When to use Precision: False positives are costly

When to use Recall: False negatives are costly

When to use F1: Balance both concerns

Business Example: In fraud detection, missing actual fraud (false negative) is worse than flagging legitimate transactions (false positive). Therefore, prioritize Recall over Precision.

Understanding the Confusion Matrix

Metric	Formula	Example Value
Accuracy	(TP + TN) / Total	(85 + 10) / 120 = 79.2%
Precision	TP / (TP + FP)	85 / (85 + 15) = 85.0%
Recall	TP / (TP + FN)	85 / (85 + 10) = 89.5%
F1-Score	2 × (Precision × Recall) / (Precision + Recall)	87.2%

Best Practices for Implementation

Before Building Models

Understand your business problem and cost of errors

Examine class distribution (balanced vs imbalanced)

Perform exploratory data analysis

Handle missing values appropriately

Scale/normalize features (especially for SVM)

During Model Development

Always use train/test split or cross-validation

Start simple, then increase complexity

Monitor for overfitting vs underfitting

Compare multiple algorithms

Tune hyperparameters systematically

                    Remember: The best algorithm is the one that solves your specific business problem effectively, not necessarily the most complex one.
                

Knowledge Check: Comprehensive Review

Question: A healthcare company needs to predict patient readmission risk. They have a medium-sized dataset with complex feature interactions, and false negatives (missing high-risk patients) are very costly. Which method would be most appropriate?

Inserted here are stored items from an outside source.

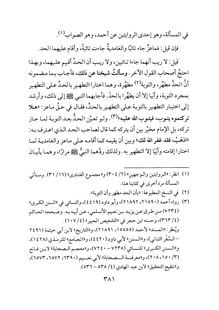 قيل: لا ريب أنهما جاءا تائبين، ولا ريب أن الحدَّ أقيم عليهما، وبهذا احتجَّ أصحاب القول الآخر. وسألتُ شيخنا عن ذلك، فأجاب بما مضمونه أنَّ الحدَّ مطهِّر، والتوبة (¬٢) مطهِّرة، وهما اختارا التطهير بالحدِّ على التطهير بمجرد التوبة، وأبَيا إلا أن يطهَّرا بالحدّ. فأجابهما النبي - صلى الله عليه وسلم - إلى ذلك، وأرشد إلى اختيار التطهير بالتوبة على التطهير بالحدِّ، فقال في حقِّ ماعز: «هلا تركتموه يتوب، فيتوب الله عليه» (¬٣). ولو تعيَّن الحدُّ بعد التوبة لما جاز تركه، بل الإمام مخيَّر بين أن يتركه كما قال لصاحب الحد الذي اعترف به: «اذهَبْ، فقد غفر الله لك» وبين أن يقيمه كما أقامه على ماعز والغامدية لما اختارا إقامته وأبَيَا إلا التطهير به. ولذلك ردَّهما النبيُّ - صلى الله عليه وسلم - مرارًا، وهما يأبيان
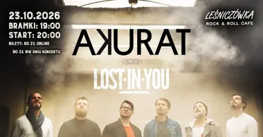 W Leśniczówce szykuje się wieczór, który powinien zainteresować zarówno fanów mocniejszego grania, jak i tych, którzy lubią koncerty z charakterem AKURAT wraca z pełnym energii show, a jako support pojawi się LOST IN YOU – młody zespół, który szybko zaczął zwracać na siebie uwagę na rockowej scenie. To jeden z tych koncertów, gdzie można usłyszeć i dobrze znane numery, i świeżą, nową energię.
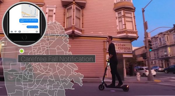 Model R には特許取得済みの「ケアフリー落下通知機能」を搭載。アクシデントの発生時など、スクーターに搭載されたセンサーに動きが数秒検知されない場合、スマートフォンから事前に設定された緊急連絡先にテキストメッセージを送信してくれる。万が一、身動きが取れない状況に陥っても連絡ができるのは、スマートモビリティであるがゆえの機能だ。

A) Naïve Bayes - simple and fast

B) SVM with linear kernel - good for moderate datasets

C) Gradient Boosting - handles complex interactions, high accuracy, can optimize for recall

D) Random Forest - faster than Gradient Boosting

Case Study: Employee Attrition Prediction

Business Context

A company wants to predict which employees are likely to leave to implement proactive retention strategies.

Method	Accuracy	Precision	Recall	Training Time
Naïve Bayes	76%	71%	68%	2 seconds
SVM (RBF kernel)	84%	82%	79%	45 seconds
Gradient Boosting	89%	87%	86%	28 seconds

                    Decision: Gradient Boosting was selected because the 5% improvement in recall means catching 5% more at-risk employees, which justifies the extra 26 seconds of training time.
                

Today's Workshop Activities

Hands-On Practice

Activity 1: Naïve Bayes Email Classification

Build a spam filter using Naïve Bayes

Calculate probabilities manually

Implement in Orange Data Mining

Activity 2: SVM Customer Segmentation

Classify customer purchase likelihood

Experiment with different kernels

Visualize decision boundaries

Activity 3: Model Comparison Challenge

Apply all three methods to employee attrition dataset

Compare performance metrics

Recommend best approach with justification

Key Takeaways

                    Naïve Bayes
                    Use when: You need fast, simple classification with independent features (text classification, real-time systems)
                    
Remember: Based on probability, assumes feature independence
                

                    Support Vector Machines
                    Use when: You have complex non-linear boundaries and can afford training time
                    
Remember: Finds maximum margin boundary, uses kernel trick for complex patterns
                

                    Gradient Boosting
                    Use when: You need highest accuracy on structured data and have time for tuning
                    
Remember: Sequential error correction, requires careful parameter tuning
                

Next Steps: Practice with real datasets, experiment with different parameters, and always validate your results with appropriate metrics!